In this section, we run an Nmap scan using Python to provide information about open ports on a Windows and Ubuntu endpoint.

Nmap script

We created a Python script to perform network scans on an endpoint. The script extracts information such as hostnames, protocols, and open ports.

#!/var/ossec/framework/python/bin/python3
# Copyright (C) 2015-2023, Wazuh Inc.

import nmap
import time
import json
import platform

# The function to perform network scan on a host endpoint
def scan_subnet(subnet):
    nm = nmap.PortScanner()
    nm.scan(subnet)
    results = []

    for host in nm.all_hosts():
        for proto in nm[host].all_protocols():
            if proto not in ["tcp", "udp"]:
                continue

            lport = list(nm[host][proto].keys())
            lport.sort()
# Iterate over each port for the current host and protocol
            for port in lport:
                hostname = ""
                json_output = {
                    'nmap_host': host,
                    'nmap_protocol': proto,
                    'nmap_port': port,
                    'nmap_hostname': "",
                    'nmap_hostname_type': "",
                    'nmap_port_name': "",
                    'nmap_port_state': "",
                    'nmap_port_service': ""
                }
# Get the first hostname and it’s type
                if nm[host]["hostnames"]:
                    hostname = nm[host]["hostnames"][0]["name"]
                    hostname_type = nm[host]["hostnames"][0]["type"]
                    json_output['nmap_hostname'] = hostname
                    json_output['nmap_hostname_type'] = hostname_type
# Get the port name if available
                if 'name' in nm[host][proto][port]:
                    json_output['nmap_port_name'] = nm[host][proto][port]['name']
# Get the port state if available
                if 'state' in nm[host][proto][port]:
                    json_output['nmap_port_state'] = nm[host][proto][port]['state']
# Get the port service version if available
                if 'product' in nm[host][proto][port] and 'version' in nm[host][proto][port]:
                    service = nm[host][proto][port]['product'] + " " + nm[host][proto][port]['version']
                    json_output['nmap_port_service'] = service

                results.append(json_output)
    return results

# The function to append the scan results to the active response log file
def append_to_log(results, log_file):
    with open(log_file, "a") as active_response_log:
        for result in results:
            active_response_log.write(json.dumps(result))
            active_response_log.write("\n")
# Specify the address(es) to scan
subnets = ['127.0.0.1']
# path of the log file
if platform.system() == 'Windows':
	log_file = "C:\Program Files (x86)\ossec-agent\active-response\active-responses.log"
elif platform.system() == 'Linux':
	log_file = "/var/ossec/logs/active-responses.log"
else:
	log_file = "/Library/Ossec/logs/active-responses.log"

for subnet in subnets:
    results = scan_subnet(subnet)
    append_to_log(results, log_file)
    time.sleep(2)

Note: You can use the centralized configuration to distribute this setting across multiple monitored endpoints. Please note that remote commands are disabled by default for security reasons and must be explicitly enabled on each agent.

Ubuntu endpoint

Install the following packages to run an Nmap scan using Python on Ubuntu.

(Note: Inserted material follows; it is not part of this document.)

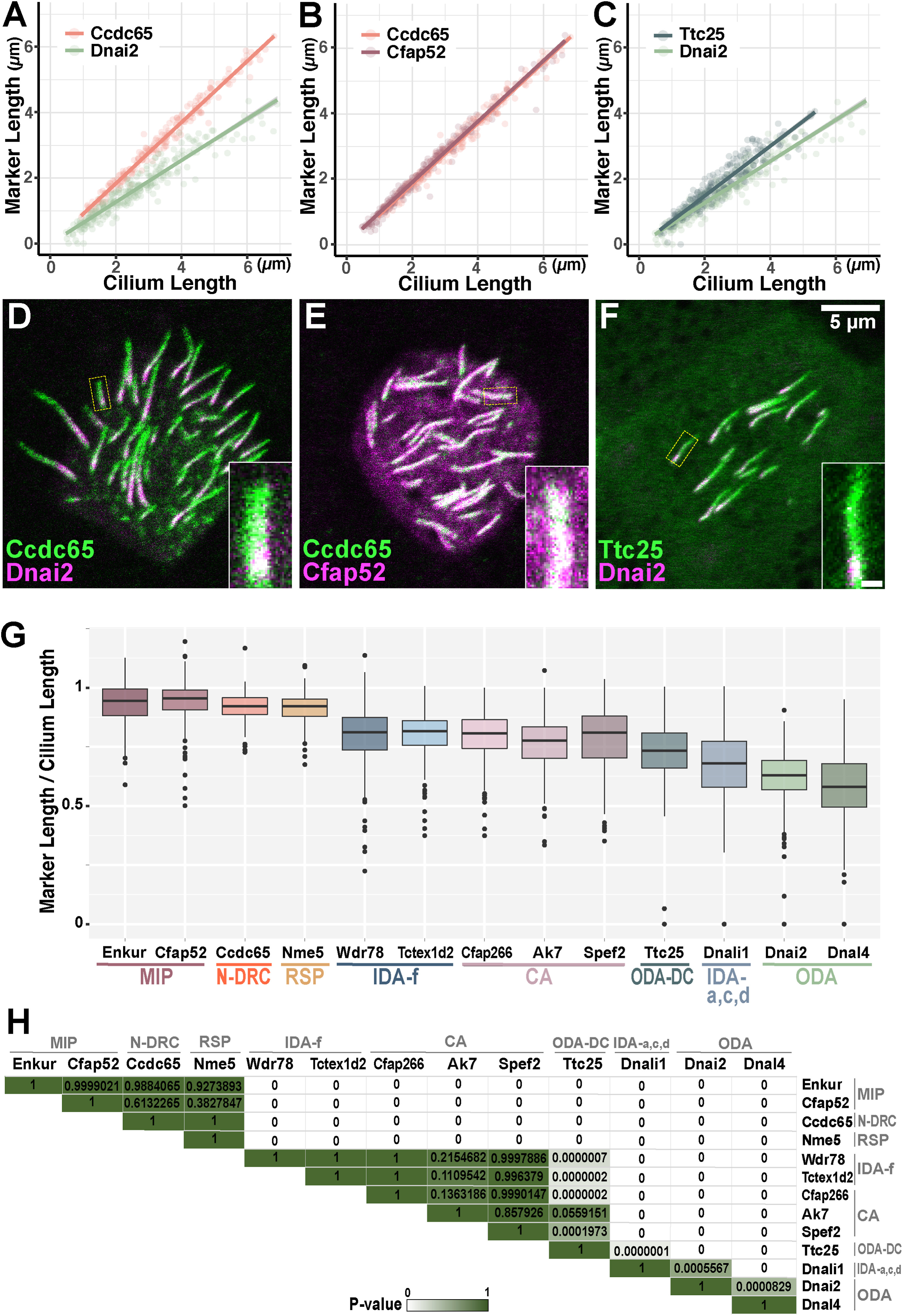Fig. 5. A-C) Additional elements of ciliary beating machineries display unexpected kinetics, and dual labeling confirms these relative rates (D–F). Note that data for Ccdc65 and Dnai2 are re-plotted in multiple panels to facilitate comparison. G) Summary of ciliary beating machinery deployment kinetics. Graph shows the mean ratio of decorated axoneme length versus total axoneme length for each protein. H) Heatmap with adjusted p-values representing all pairwise comparisons. Significant differences are indicated in white, and no difference is indicated in dark green. Numbers of tested axonemes, cells and embryos for each protein are provided in the materials and methods. Scale bar = 5 μm, scale bar for insets = 0.5 μm.

1. Install python3 and python3-pip from the APT repository by running the command below:

$ sudo apt-get update && sudo apt-get install python3
$ sudo apt-get install python3-pip

2. Install Nmap and the python-nmap library. The python-nmap library provides many options for customizing Nmap scans:

$ sudo apt-get install nmap
$ sudo pip3 install python-nmap

Take the following steps to configure the Wazuh command monitoring module. 

1. Create a ~/Documents/nmapscan.py file and copy the content of Nmap script to it.

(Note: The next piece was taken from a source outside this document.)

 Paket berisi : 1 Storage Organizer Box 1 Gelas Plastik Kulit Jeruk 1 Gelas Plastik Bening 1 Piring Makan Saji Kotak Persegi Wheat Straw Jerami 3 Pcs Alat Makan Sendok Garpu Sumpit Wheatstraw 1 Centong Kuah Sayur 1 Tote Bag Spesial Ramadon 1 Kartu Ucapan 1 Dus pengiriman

2. Edit the Wazuh agent /var/ossec/etc/ossec.conf file and add the following command monitoring configuration within the <ossec_config> block:

<!-- Run nmap python script -->
  <localfile>
    <log_format>full_command</log_format>
    <command>python3 /home/<USERNAME>/Documents/nmapscan.py</command>
    <frequency>604800</frequency>
  </localfile>

Replace <USERNAME> placeholder with the name of the user account on the endpoint.

3. Restart the Wazuh agent to apply this change:

$ sudo systemctl restart wazuh-agent

Windows endpoint

Install the following packages to run an Nmap scan using Python on Windows.

Note: Administrator privileges are required to perform the installation

1. Python v 3.8.7 or later (with pip pre-installed). Check the following boxes when prompted:

  • Install launcher for all users (recommended).
  • Add Python to PATH.

2. Microsoft Visual C++ 2015 Redistributable.

3. Nmap v7.94 or later. Ensure to add Nmap to PATH.

4. Run the command below to install the python-nmap library and all its dependencies using Powershell:

> pip3 install python-nmap

Follow the steps below to configure the Nmap port scanner using Python after installing the above packages:

1. Create a C:\Users\<USERNAME>\Documents\nmapscan.py file and copy the content of Nmap script to it.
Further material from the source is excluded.